I have told my registrar that ns1 and ns2 are my nameservers. Code: % whois.rotld.ro : % % Rights restricted by copyright. % % Specifically, this data MAY ONLY be used for Internet operational % purposes. It may not be used for targeted advertising or any % other purpose. % % Este INTERZISA folosirea datelor de pe acest server in oricare % alt scop decat operarea retelei. In special este INTERZISA % folosirea lor in scopuri publicitare. % domain-name: eccompany.ro ... nameserver: ns1.eccompany.ro 86.122.193.38 nameserver: ns2.eccompany.ro 86.122.193.38
The ports were already forwarded. Code: Scanning ecserver (86.122.193.38) [1 port] Discovered open port 53/tcp on 86.122.193.38 Completed SYN Stealth Scan at 16:27, 0.03s elapsed (1 total ports) Host ecserver (86.122.193.38) appears to be up ... good. Interesting ports on ecserver (86.122.193.38): PORT STATE SERVICE 53/tcp open domain Code: Scanning ecserver (86.122.193.38) [1 port] Completed UDP Scan at 16:26, 0.23s elapsed (1 total ports) Host ecserver (86.122.193.38) appears to be up ... good.

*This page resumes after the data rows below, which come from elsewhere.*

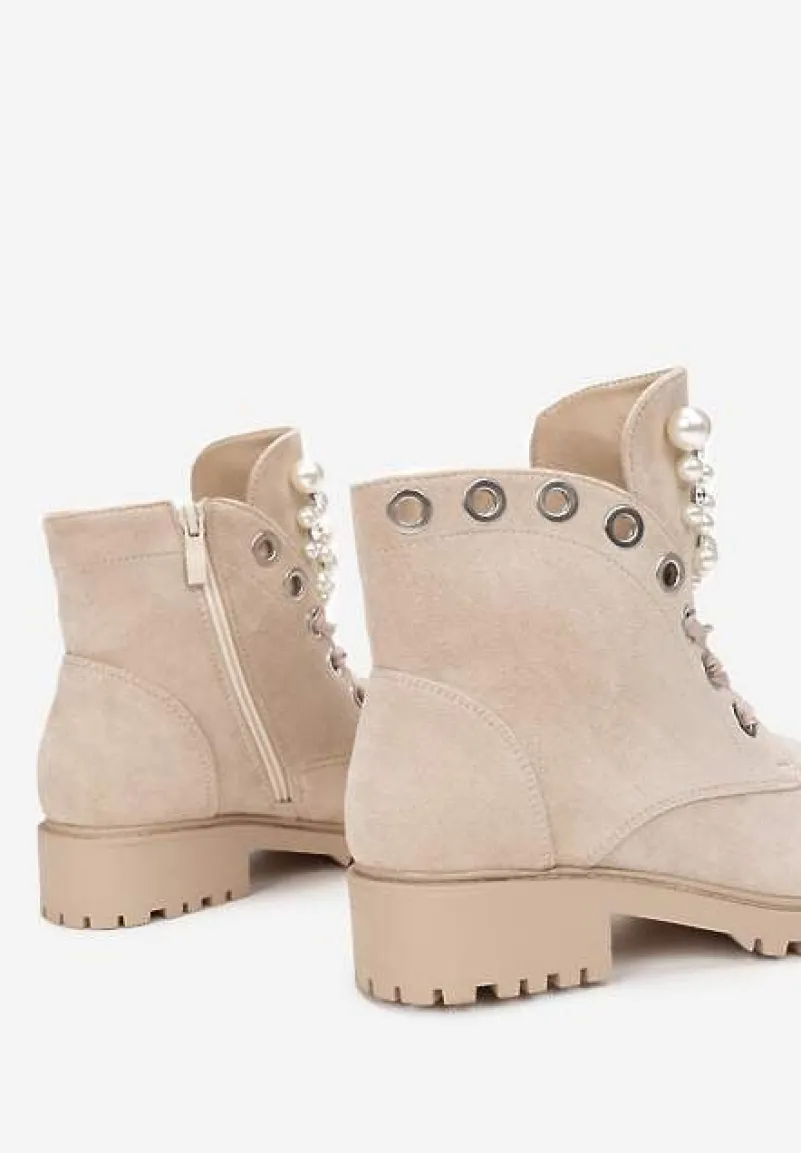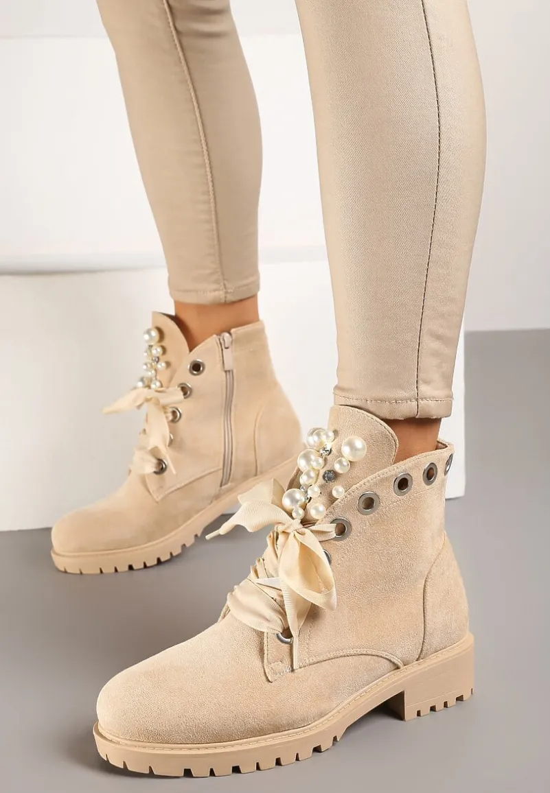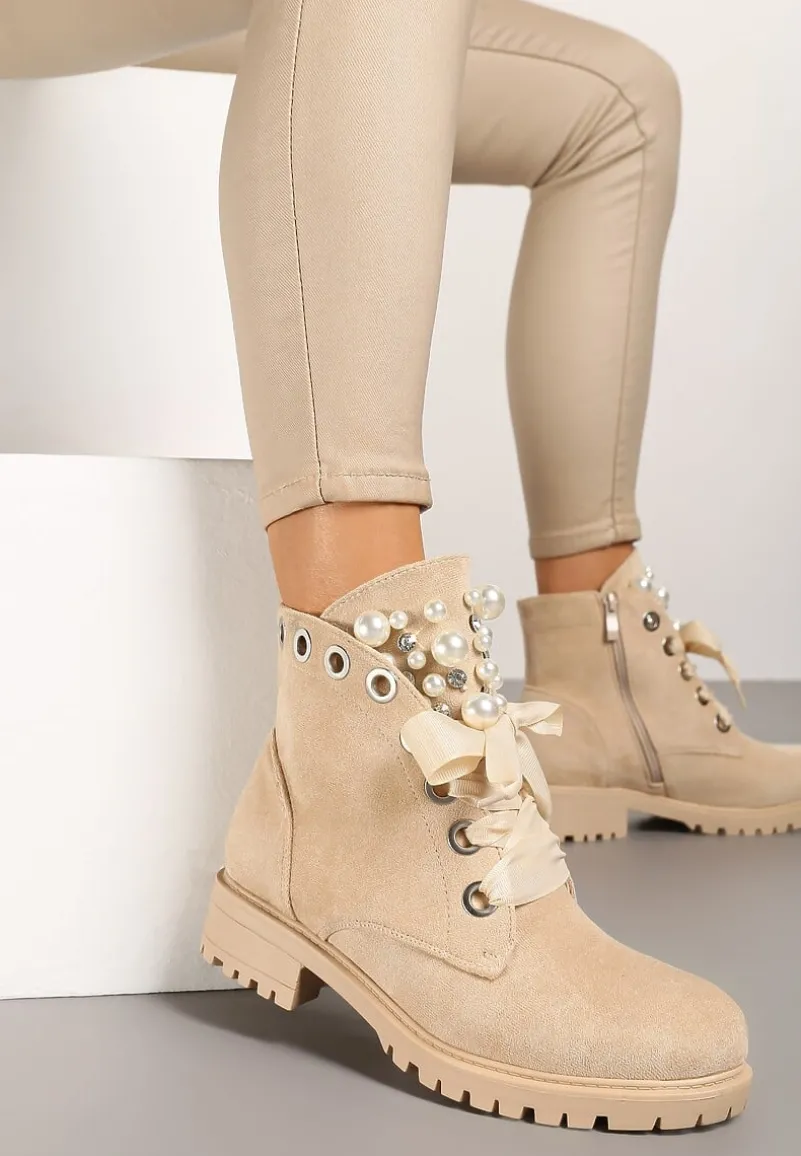 Botki Aufer na podeszwie z płaskim obcasem i protektorem. Cholewka zakrywająca kostkę, zapinana po wewnętrznej stronie na zamek błyskawiczny. Nosek okrągły. Z przodu dodatkowe sznurowanie. Wykonane z ekozamszu, nieocieplane. Uwagę przykuwają błyszczące aplikacje z imitacji pereł i cyrkonii. Ten design zachwyci niejedną fashionistkę. Przed zakupem spójrz na tabelę (polecamy wybrać rozmiar o 1 mniejszy niż zwykle).
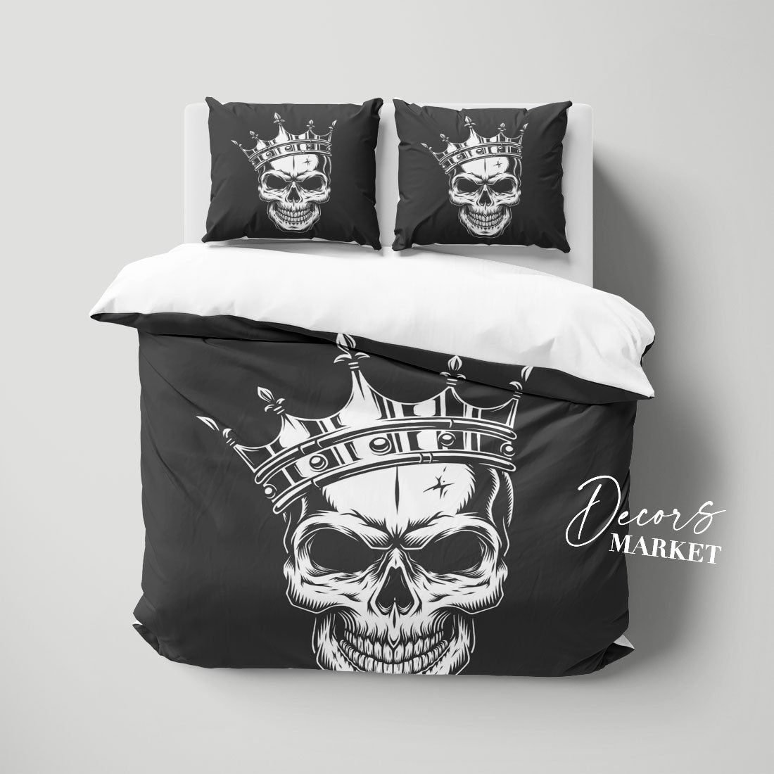 Skeleton Crown Duvet Cover Set w Pillowcases, Black&White Art Fantasy 3D Quilt Cover, 3pc Single Double Queen King Size Doona Cover
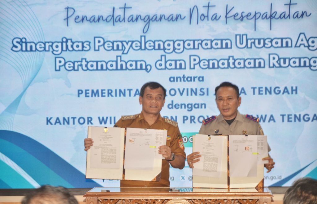SEMARANG, SUARASOLO.id – Pemerintah Provinsi (Pemprov) Jawa Tengah dan Kantor Wilayah Badan Pertanahan Nasional (BPN) setempat, menandatangani nota kesepakatan soal sinergi penyelenggaraan urusan pertanahan, agraria, dan penataan ruang.
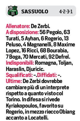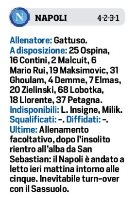 Domani alle ore 18,00 allo stadio San Paolo, il Napoli affronterà il Sassuolo, sfida valevole per la sesta giornata di campionato. Il tecnico degli azzurri Gennaro Gattuso schiererà dal primo minuto Meret tra i pali, Di Lorenzo a destra, al centro della difesa Koulibaly e di nuovo Manolas, mentre a sinistra spazio a Hysaj. I due del centrocampo Bakayoko e Fabian Ruiz. In attacco, in attesa di conoscere le condizioni di Insigne, spazio a Politano, Mertens, Lozano e Osimhen. Per i neroverdi c’è una tegola in attacco, non ci sarà al San Paolo Djuricic, al suo posto Traorè, con Raspadori e Berardi, dietro a Caputo. In difesa spazio all’ex della sfida Chiriches.
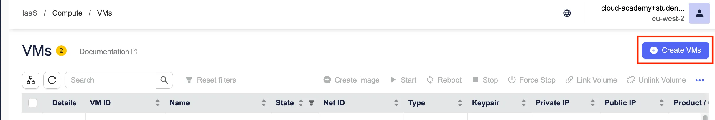 - Dans le dashboard VM, cliquez sur Créer des VMs.

Interesting ports on ecserver (86.122.193.38): PORT STATE SERVICE 53/udp open|filtered domain
I ran dnswalk on my domain and these are the results Code: server:~/dns_debug# ./dnswalk eccompany.ro. Checking eccompany.ro. BAD: SOA record not found for eccompany.ro. BAD: eccompany.ro. has NO authoritative nameservers! BAD: All zone transfer attempts of eccompany.ro. failed! How can i set "authorative" nameservers ?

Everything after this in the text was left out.